> Activity:
Return the first line of the listing below and all the lines after it through the one containing "根據(jù)發(fā)行安排", exactly, without pictures.

==== Supplied data ====

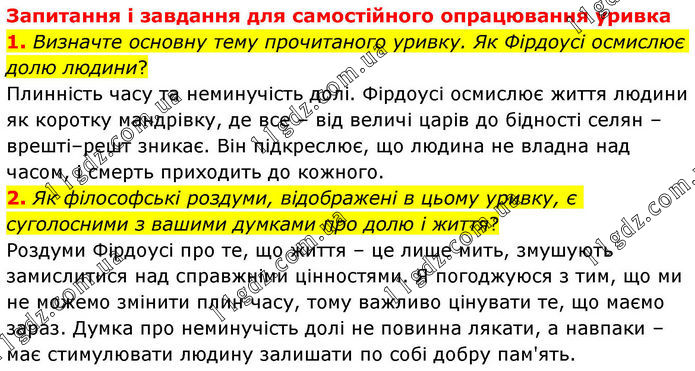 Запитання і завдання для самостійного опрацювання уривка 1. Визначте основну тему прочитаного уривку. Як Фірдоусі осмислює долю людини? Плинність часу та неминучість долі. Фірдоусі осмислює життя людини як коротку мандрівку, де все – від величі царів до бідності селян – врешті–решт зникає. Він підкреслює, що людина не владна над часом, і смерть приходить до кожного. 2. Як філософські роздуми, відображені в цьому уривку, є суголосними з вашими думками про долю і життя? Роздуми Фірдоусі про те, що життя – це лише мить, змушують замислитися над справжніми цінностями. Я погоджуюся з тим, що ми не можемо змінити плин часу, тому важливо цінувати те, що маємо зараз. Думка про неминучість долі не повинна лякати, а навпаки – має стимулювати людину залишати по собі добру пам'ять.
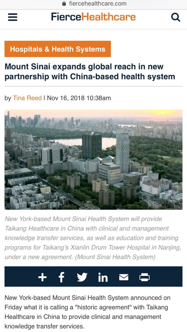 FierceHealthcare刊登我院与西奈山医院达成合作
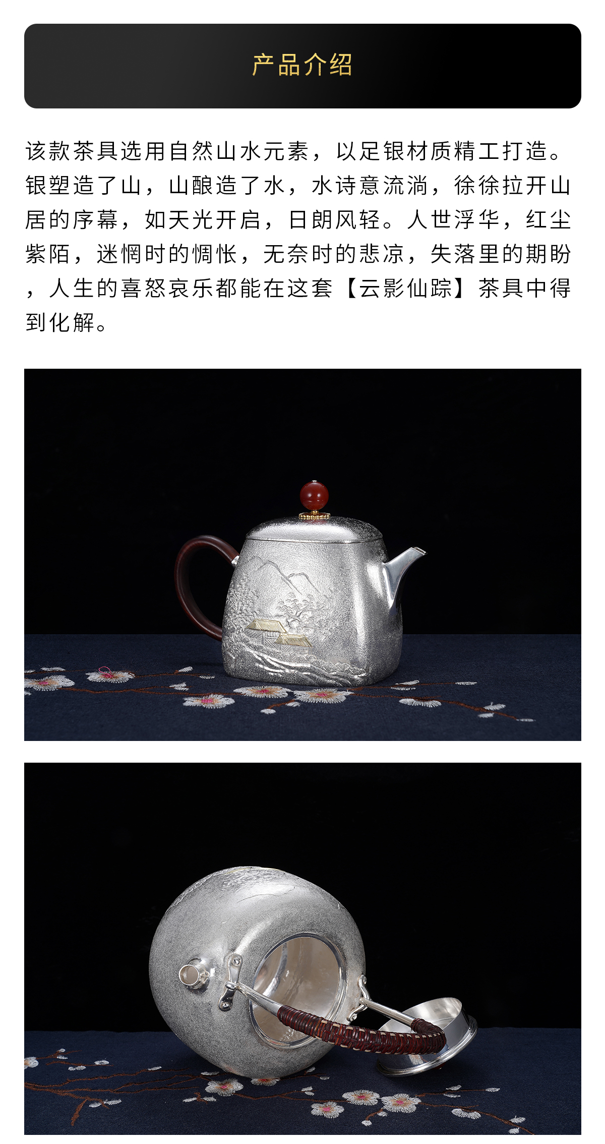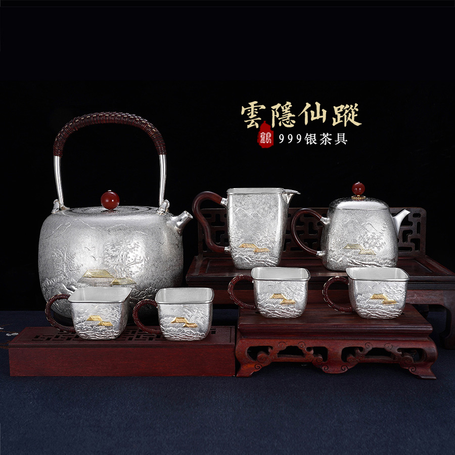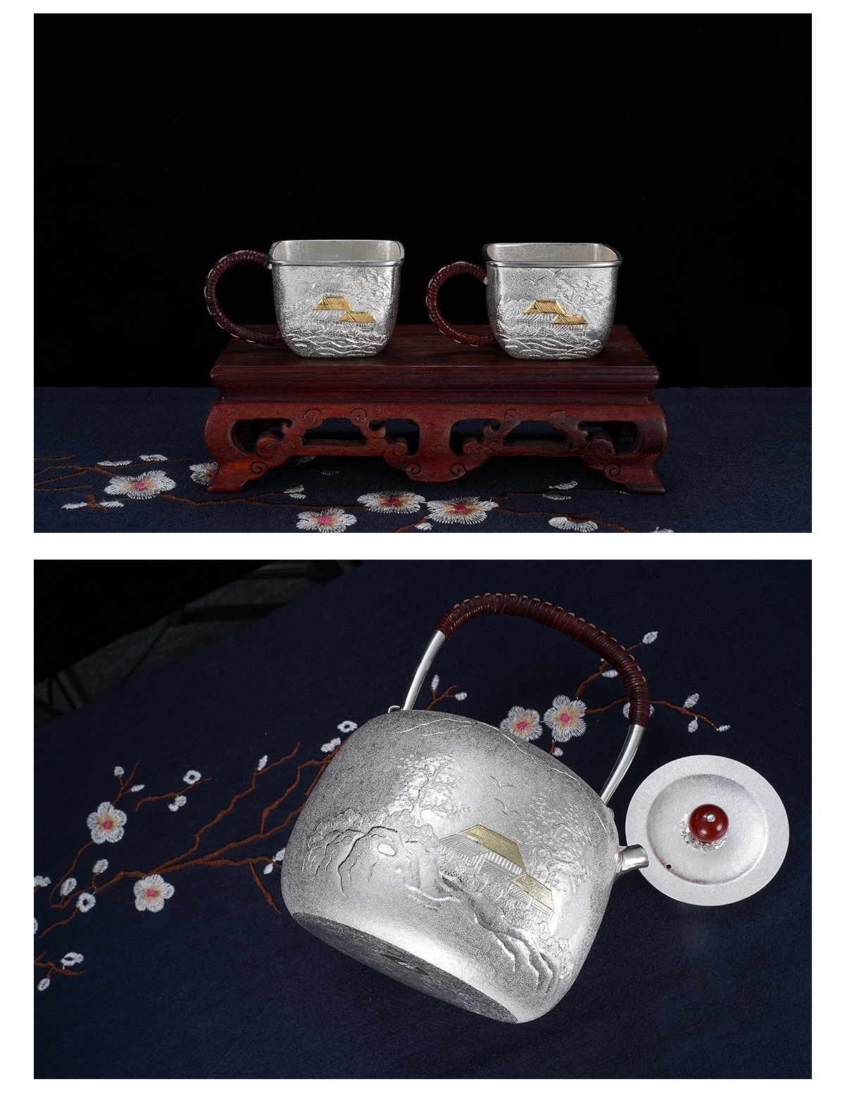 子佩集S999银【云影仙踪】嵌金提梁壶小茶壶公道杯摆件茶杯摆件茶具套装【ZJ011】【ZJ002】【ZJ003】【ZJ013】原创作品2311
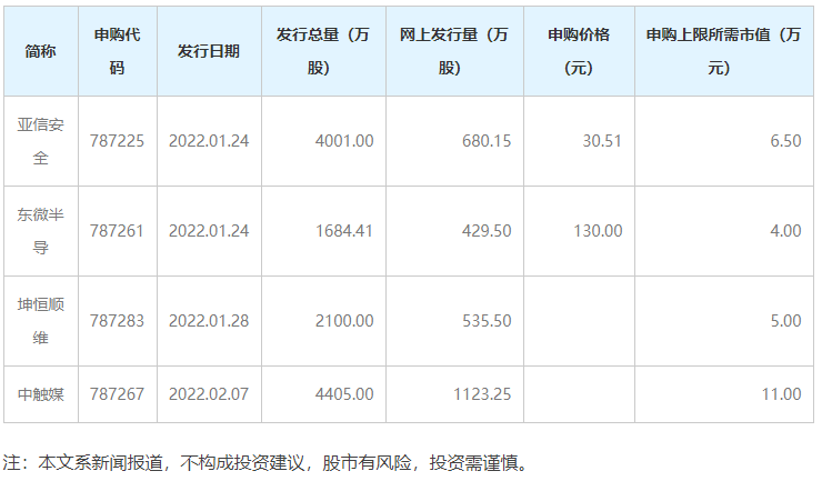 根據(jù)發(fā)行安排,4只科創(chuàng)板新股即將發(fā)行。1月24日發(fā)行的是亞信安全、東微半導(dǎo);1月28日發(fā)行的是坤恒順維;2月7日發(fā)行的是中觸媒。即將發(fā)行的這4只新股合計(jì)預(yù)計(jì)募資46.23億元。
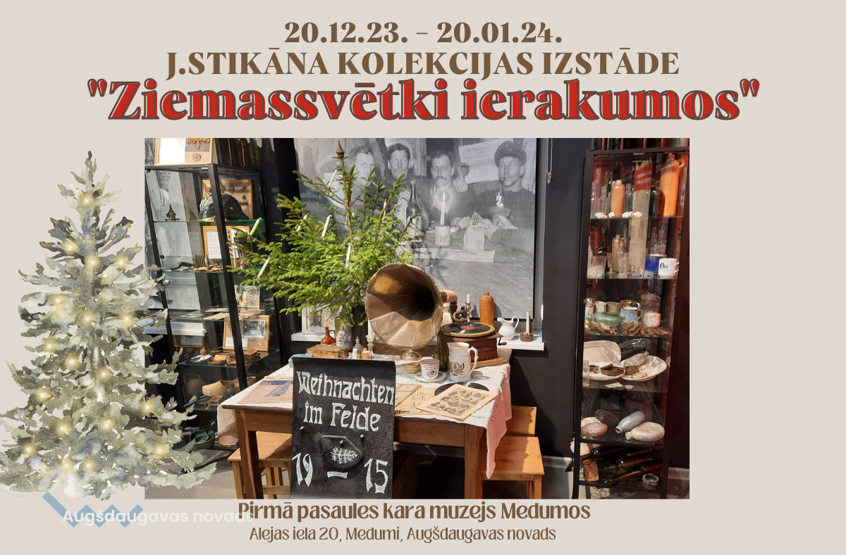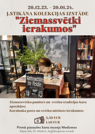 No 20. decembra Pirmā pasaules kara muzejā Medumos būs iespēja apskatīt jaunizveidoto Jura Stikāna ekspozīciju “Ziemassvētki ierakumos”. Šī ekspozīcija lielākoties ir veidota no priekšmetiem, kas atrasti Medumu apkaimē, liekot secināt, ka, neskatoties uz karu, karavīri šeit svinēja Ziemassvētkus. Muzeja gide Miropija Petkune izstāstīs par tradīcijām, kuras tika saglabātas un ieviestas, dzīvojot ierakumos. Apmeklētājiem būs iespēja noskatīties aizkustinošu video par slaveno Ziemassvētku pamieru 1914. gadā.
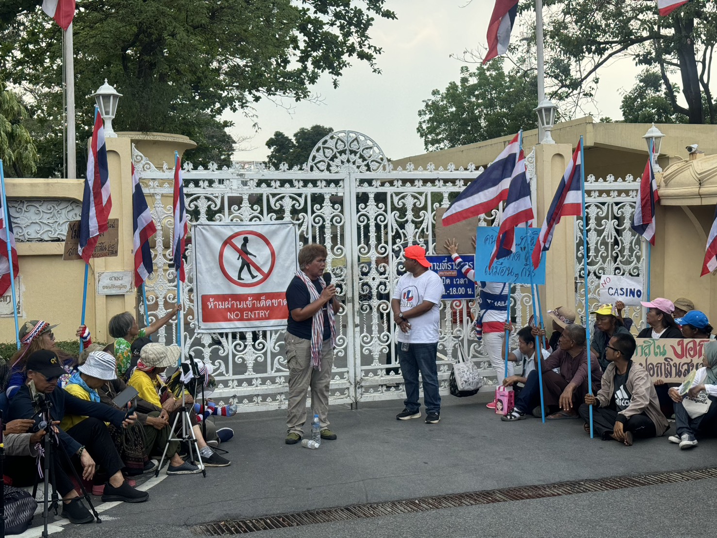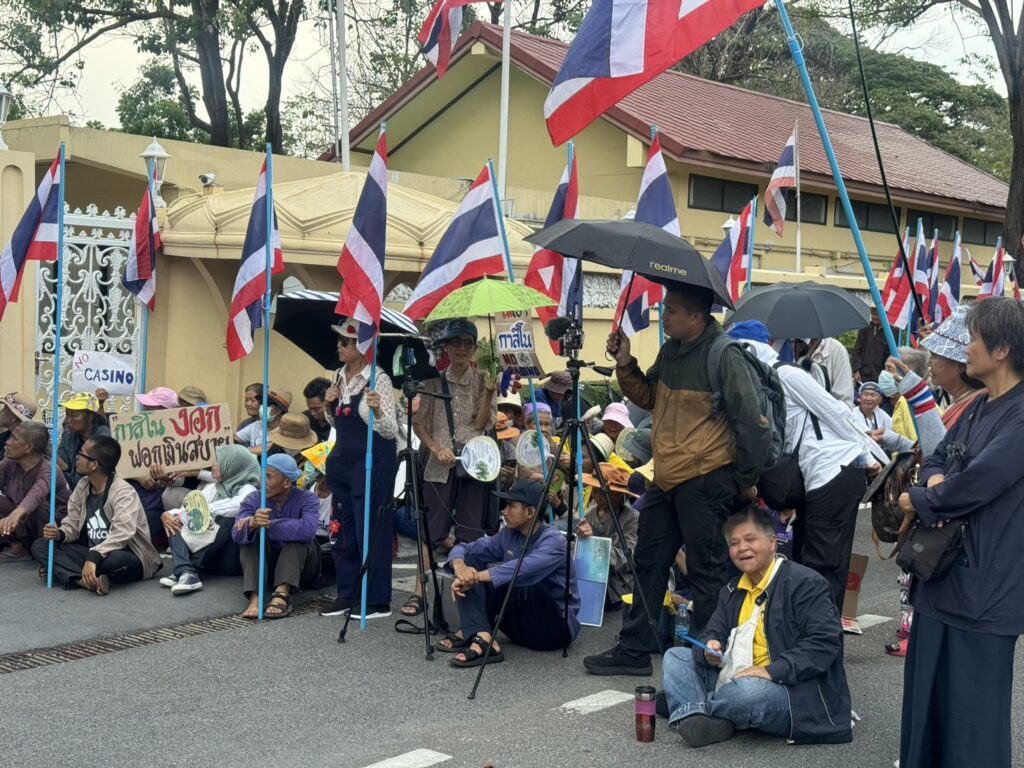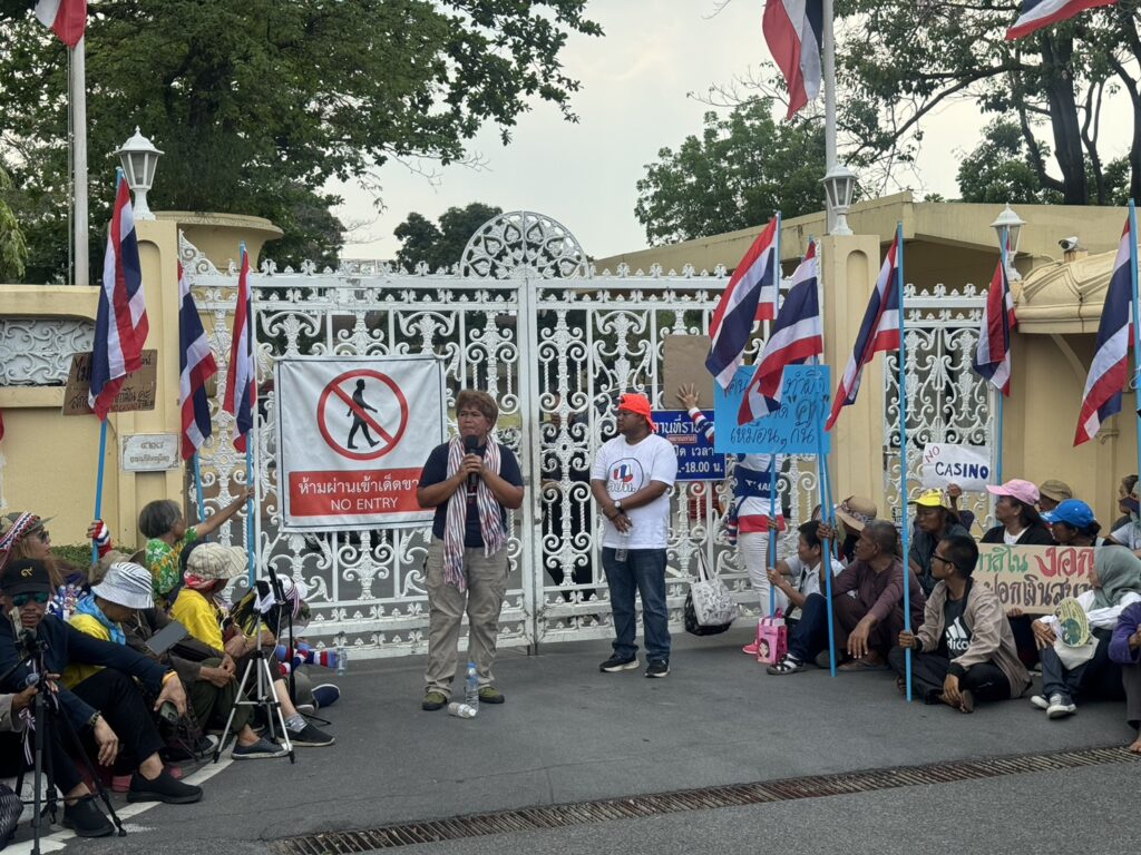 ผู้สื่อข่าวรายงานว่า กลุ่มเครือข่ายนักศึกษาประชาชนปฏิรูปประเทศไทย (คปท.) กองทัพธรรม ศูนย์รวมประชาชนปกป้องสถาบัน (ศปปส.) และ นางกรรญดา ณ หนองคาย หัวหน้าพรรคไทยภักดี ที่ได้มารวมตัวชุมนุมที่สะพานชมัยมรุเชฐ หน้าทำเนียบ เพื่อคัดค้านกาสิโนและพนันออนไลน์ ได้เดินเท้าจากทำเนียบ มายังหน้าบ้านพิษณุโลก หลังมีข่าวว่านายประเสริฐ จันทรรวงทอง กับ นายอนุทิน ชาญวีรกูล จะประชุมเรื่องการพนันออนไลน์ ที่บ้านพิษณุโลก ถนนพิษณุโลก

====

> Your response:
 Запитання і завдання для самостійного опрацювання уривка 1. Визначте основну тему прочитаного уривку. Як Фірдоусі осмислює долю людини? Плинність часу та неминучість долі. Фірдоусі осмислює життя людини як коротку мандрівку, де все – від величі царів до бідності селян – врешті–решт зникає. Він підкреслює, що людина не владна над часом, і смерть приходить до кожного. 2. Як філософські роздуми, відображені в цьому уривку, є суголосними з вашими думками про долю і життя? Роздуми Фірдоусі про те, що життя – це лише мить, змушують замислитися над справжніми цінностями. Я погоджуюся з тим, що ми не можемо змінити плин часу, тому важливо цінувати те, що маємо зараз. Думка про неминучість долі не повинна лякати, а навпаки – має стимулювати людину залишати по собі добру пам'ять.
 FierceHealthcare刊登我院与西奈山医院达成合作
 子佩集S999银【云影仙踪】嵌金提梁壶小茶壶公道杯摆件茶杯摆件茶具套装【ZJ011】【ZJ002】【ZJ003】【ZJ013】原创作品2311
 根據(jù)發(fā)行安排,4只科創(chuàng)板新股即將發(fā)行。1月24日發(fā)行的是亞信安全、東微半導(dǎo);1月28日發(fā)行的是坤恒順維;2月7日發(fā)行的是中觸媒。即將發(fā)行的這4只新股合計(jì)預(yù)計(jì)募資46.23億元。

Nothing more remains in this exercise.